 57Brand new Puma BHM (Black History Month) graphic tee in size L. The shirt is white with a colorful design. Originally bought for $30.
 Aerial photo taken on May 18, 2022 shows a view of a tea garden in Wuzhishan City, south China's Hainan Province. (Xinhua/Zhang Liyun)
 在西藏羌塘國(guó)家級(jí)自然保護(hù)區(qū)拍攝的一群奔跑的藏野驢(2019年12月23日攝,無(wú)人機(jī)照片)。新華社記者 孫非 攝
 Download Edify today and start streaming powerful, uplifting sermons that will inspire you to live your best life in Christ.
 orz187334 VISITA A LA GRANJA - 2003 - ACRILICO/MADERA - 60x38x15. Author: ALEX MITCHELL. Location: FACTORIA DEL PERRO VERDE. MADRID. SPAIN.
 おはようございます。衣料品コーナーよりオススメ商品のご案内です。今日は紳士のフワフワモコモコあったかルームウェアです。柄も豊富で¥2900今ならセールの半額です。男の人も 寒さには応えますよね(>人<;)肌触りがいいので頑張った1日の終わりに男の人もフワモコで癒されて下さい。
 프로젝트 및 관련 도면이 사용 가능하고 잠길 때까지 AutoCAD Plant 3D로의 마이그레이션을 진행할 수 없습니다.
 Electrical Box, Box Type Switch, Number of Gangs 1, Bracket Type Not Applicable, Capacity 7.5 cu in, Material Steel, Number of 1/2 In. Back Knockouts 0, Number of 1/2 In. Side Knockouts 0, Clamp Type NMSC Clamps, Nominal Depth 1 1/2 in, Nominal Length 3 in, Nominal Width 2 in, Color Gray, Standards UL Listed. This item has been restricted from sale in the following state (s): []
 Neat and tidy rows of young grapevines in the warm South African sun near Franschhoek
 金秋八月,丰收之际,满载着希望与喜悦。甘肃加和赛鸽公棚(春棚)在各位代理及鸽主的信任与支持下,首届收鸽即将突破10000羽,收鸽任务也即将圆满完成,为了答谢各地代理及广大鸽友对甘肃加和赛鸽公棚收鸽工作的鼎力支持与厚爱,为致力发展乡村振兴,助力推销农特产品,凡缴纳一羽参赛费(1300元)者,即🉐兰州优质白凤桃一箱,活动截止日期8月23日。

◆ ◆ ◆

### TASK DETAILS:
Return exactly the line that contains "Electrical Box, Box" and every line after it, through the last line of the records.

### PROBLEM SOLUTION:
 Electrical Box, Box Type Switch, Number of Gangs 1, Bracket Type Not Applicable, Capacity 7.5 cu in, Material Steel, Number of 1/2 In. Back Knockouts 0, Number of 1/2 In. Side Knockouts 0, Clamp Type NMSC Clamps, Nominal Depth 1 1/2 in, Nominal Length 3 in, Nominal Width 2 in, Color Gray, Standards UL Listed. This item has been restricted from sale in the following state (s): []
 Neat and tidy rows of young grapevines in the warm South African sun near Franschhoek
 金秋八月,丰收之际,满载着希望与喜悦。甘肃加和赛鸽公棚(春棚)在各位代理及鸽主的信任与支持下,首届收鸽即将突破10000羽,收鸽任务也即将圆满完成,为了答谢各地代理及广大鸽友对甘肃加和赛鸽公棚收鸽工作的鼎力支持与厚爱,为致力发展乡村振兴,助力推销农特产品,凡缴纳一羽参赛费(1300元)者,即🉐兰州优质白凤桃一箱,活动截止日期8月23日。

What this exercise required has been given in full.